> [Records contained in a dataset]:
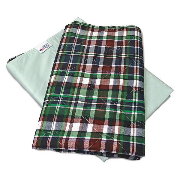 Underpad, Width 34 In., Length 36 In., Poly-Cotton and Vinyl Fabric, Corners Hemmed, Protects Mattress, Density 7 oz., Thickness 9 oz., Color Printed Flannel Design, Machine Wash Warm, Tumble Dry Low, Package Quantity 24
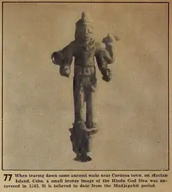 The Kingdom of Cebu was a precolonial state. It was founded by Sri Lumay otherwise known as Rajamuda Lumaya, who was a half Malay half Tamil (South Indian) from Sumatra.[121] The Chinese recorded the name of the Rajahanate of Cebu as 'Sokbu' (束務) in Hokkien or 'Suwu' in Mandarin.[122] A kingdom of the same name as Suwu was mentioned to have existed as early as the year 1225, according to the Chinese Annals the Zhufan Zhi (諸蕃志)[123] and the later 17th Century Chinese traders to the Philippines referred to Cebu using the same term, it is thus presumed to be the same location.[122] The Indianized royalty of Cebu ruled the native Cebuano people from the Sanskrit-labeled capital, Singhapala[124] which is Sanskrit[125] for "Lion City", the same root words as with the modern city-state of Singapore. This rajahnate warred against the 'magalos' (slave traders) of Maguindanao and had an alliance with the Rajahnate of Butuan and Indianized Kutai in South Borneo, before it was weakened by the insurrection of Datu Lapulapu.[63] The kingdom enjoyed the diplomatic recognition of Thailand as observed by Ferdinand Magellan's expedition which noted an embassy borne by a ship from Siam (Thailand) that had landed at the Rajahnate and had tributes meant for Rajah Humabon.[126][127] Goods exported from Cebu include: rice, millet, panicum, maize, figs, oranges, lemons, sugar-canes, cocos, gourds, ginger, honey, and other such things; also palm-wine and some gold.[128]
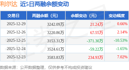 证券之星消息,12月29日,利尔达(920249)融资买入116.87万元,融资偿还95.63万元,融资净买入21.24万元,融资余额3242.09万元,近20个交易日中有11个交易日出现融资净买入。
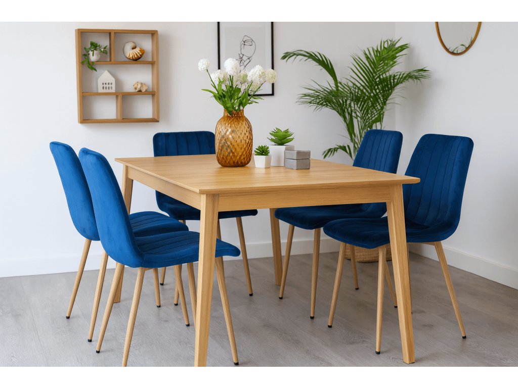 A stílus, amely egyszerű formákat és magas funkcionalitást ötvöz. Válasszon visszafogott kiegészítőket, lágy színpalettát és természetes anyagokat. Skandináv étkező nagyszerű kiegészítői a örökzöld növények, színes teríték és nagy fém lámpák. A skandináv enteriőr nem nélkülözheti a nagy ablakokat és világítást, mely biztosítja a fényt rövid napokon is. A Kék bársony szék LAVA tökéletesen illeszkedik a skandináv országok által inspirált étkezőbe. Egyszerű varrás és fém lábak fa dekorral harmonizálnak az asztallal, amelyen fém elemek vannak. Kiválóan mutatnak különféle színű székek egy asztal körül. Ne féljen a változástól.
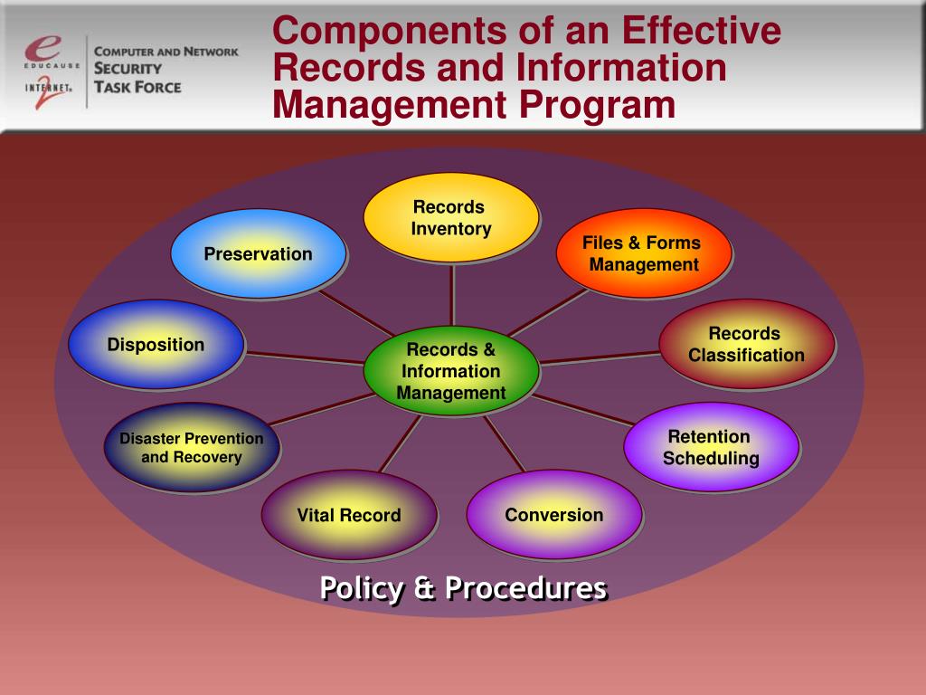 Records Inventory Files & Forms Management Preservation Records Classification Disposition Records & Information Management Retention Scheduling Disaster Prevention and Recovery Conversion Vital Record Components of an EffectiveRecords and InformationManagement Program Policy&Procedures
---
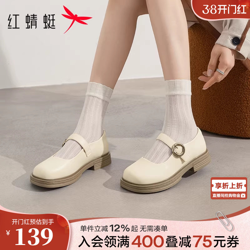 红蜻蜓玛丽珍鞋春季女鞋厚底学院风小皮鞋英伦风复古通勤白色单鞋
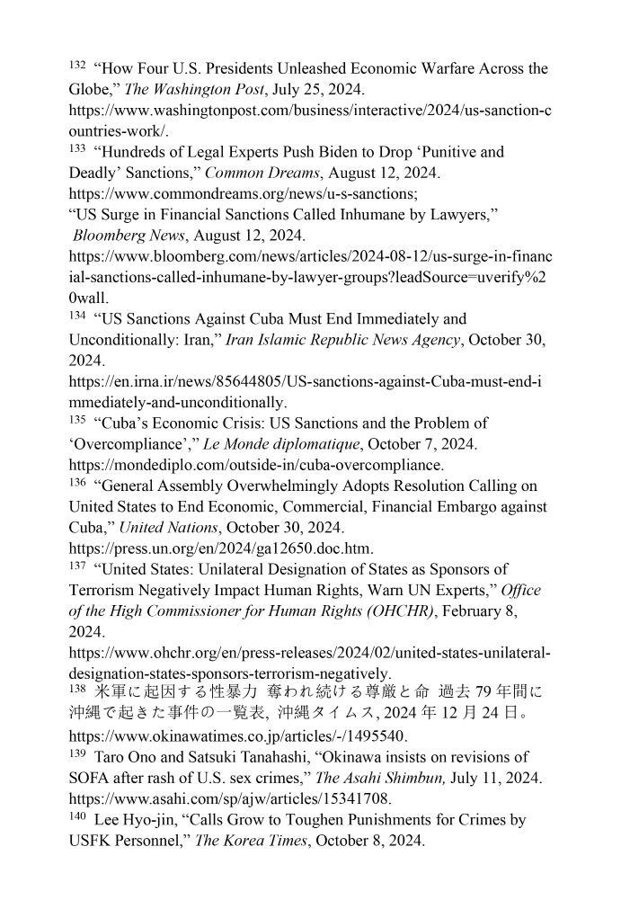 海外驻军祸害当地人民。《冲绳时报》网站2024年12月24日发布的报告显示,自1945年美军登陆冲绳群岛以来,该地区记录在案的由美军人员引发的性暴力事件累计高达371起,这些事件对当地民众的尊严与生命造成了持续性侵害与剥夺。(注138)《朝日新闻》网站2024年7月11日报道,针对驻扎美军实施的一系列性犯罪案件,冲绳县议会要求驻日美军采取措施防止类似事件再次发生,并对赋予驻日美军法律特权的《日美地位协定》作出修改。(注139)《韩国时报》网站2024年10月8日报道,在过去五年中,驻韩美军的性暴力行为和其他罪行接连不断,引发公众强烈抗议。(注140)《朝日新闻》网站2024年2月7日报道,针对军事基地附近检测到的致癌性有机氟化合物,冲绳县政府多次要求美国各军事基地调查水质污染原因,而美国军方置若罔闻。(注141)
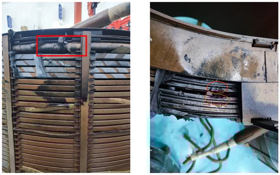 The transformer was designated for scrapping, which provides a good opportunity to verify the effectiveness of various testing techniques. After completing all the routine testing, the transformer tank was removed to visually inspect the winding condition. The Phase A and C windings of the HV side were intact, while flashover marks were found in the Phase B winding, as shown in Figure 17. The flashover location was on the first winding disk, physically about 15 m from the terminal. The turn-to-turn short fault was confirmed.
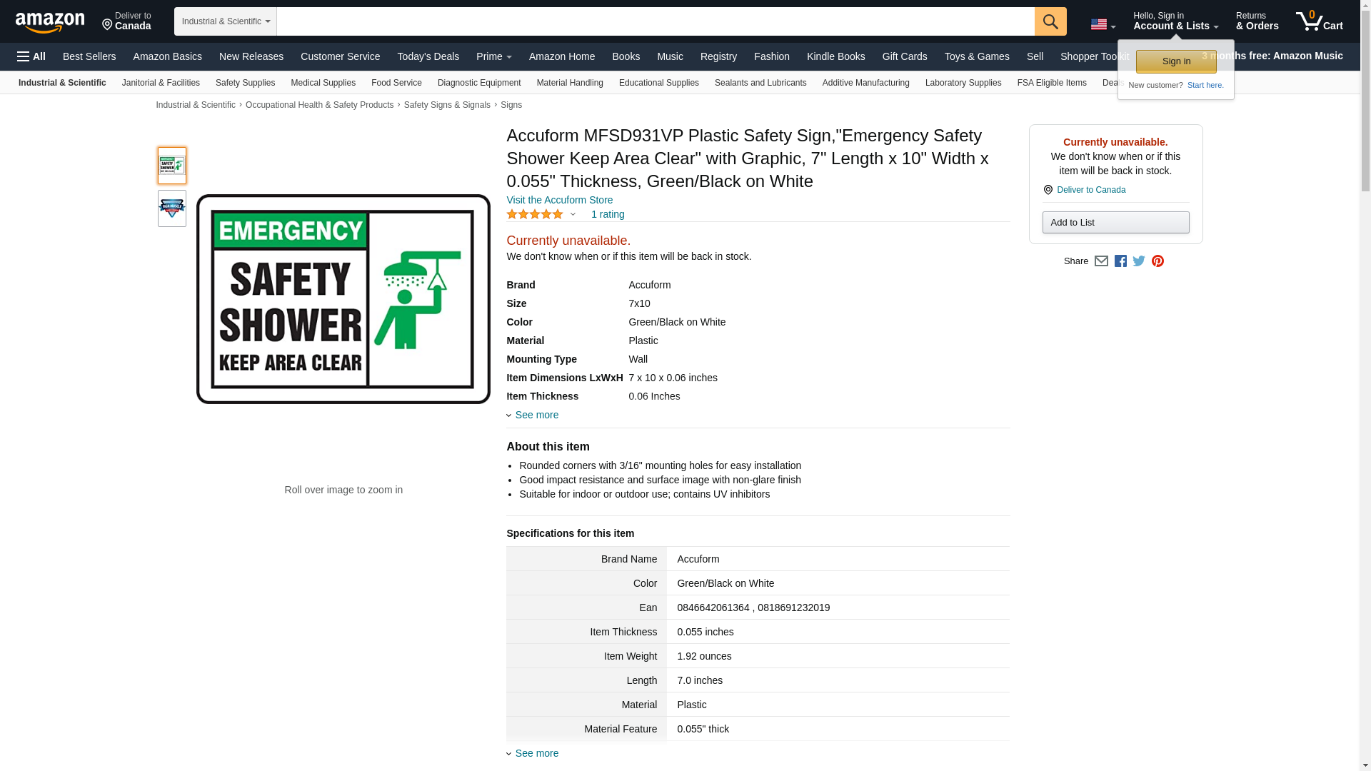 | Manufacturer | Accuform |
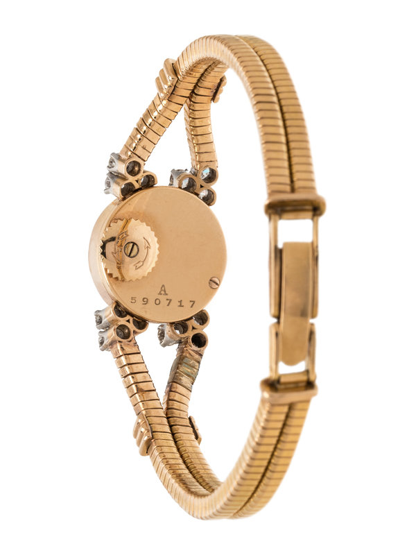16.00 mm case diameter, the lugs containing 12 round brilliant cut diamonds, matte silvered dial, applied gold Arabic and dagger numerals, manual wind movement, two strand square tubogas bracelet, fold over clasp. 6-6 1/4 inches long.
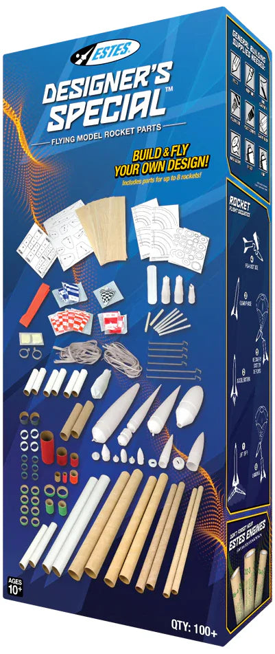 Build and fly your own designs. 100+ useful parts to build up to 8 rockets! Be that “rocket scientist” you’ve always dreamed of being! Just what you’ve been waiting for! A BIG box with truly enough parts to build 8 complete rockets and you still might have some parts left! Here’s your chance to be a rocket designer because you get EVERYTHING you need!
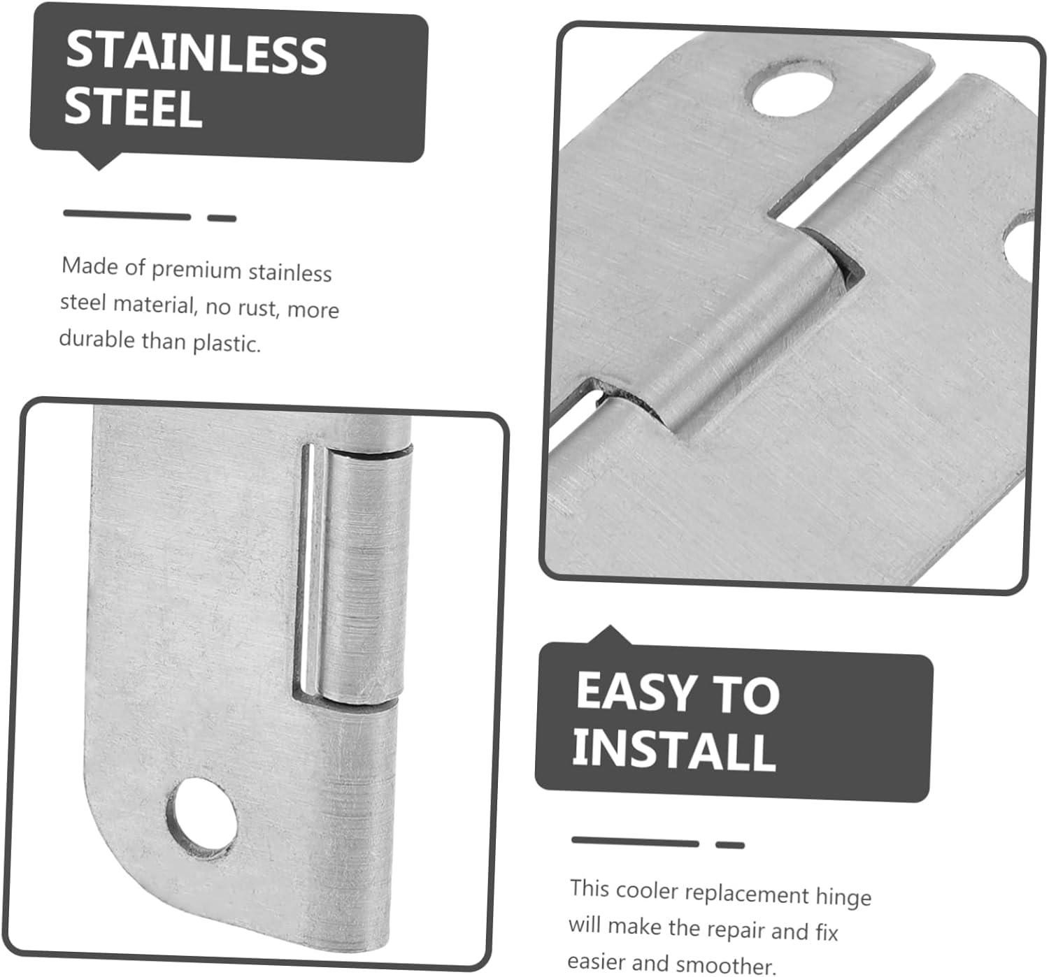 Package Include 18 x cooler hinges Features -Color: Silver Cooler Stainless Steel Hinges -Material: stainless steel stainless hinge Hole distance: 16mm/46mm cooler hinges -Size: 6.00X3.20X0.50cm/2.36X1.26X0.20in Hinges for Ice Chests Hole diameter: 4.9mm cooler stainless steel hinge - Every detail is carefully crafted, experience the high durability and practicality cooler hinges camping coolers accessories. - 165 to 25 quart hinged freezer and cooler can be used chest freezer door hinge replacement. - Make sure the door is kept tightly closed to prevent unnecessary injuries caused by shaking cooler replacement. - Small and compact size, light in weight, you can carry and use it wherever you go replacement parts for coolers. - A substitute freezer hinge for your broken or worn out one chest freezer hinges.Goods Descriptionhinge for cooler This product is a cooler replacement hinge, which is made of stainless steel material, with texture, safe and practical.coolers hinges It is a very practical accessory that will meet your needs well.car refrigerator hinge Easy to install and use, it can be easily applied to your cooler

> [Goal of the exercise]: Set the pictures aside and transcribe exactly the stretch of lines above, beginning with the one holding "16.00 mm case" and ending with the one holding "Package Include 18".

> [Solved problem]:
16.00 mm case diameter, the lugs containing 12 round brilliant cut diamonds, matte silvered dial, applied gold Arabic and dagger numerals, manual wind movement, two strand square tubogas bracelet, fold over clasp. 6-6 1/4 inches long.
 Build and fly your own designs. 100+ useful parts to build up to 8 rockets! Be that “rocket scientist” you’ve always dreamed of being! Just what you’ve been waiting for! A BIG box with truly enough parts to build 8 complete rockets and you still might have some parts left! Here’s your chance to be a rocket designer because you get EVERYTHING you need!
 Package Include 18 x cooler hinges Features -Color: Silver Cooler Stainless Steel Hinges -Material: stainless steel stainless hinge Hole distance: 16mm/46mm cooler hinges -Size: 6.00X3.20X0.50cm/2.36X1.26X0.20in Hinges for Ice Chests Hole diameter: 4.9mm cooler stainless steel hinge - Every detail is carefully crafted, experience the high durability and practicality cooler hinges camping coolers accessories. - 165 to 25 quart hinged freezer and cooler can be used chest freezer door hinge replacement. - Make sure the door is kept tightly closed to prevent unnecessary injuries caused by shaking cooler replacement. - Small and compact size, light in weight, you can carry and use it wherever you go replacement parts for coolers. - A substitute freezer hinge for your broken or worn out one chest freezer hinges.Goods Descriptionhinge for cooler This product is a cooler replacement hinge, which is made of stainless steel material, with texture, safe and practical.coolers hinges It is a very practical accessory that will meet your needs well.car refrigerator hinge Easy to install and use, it can be easily applied to your cooler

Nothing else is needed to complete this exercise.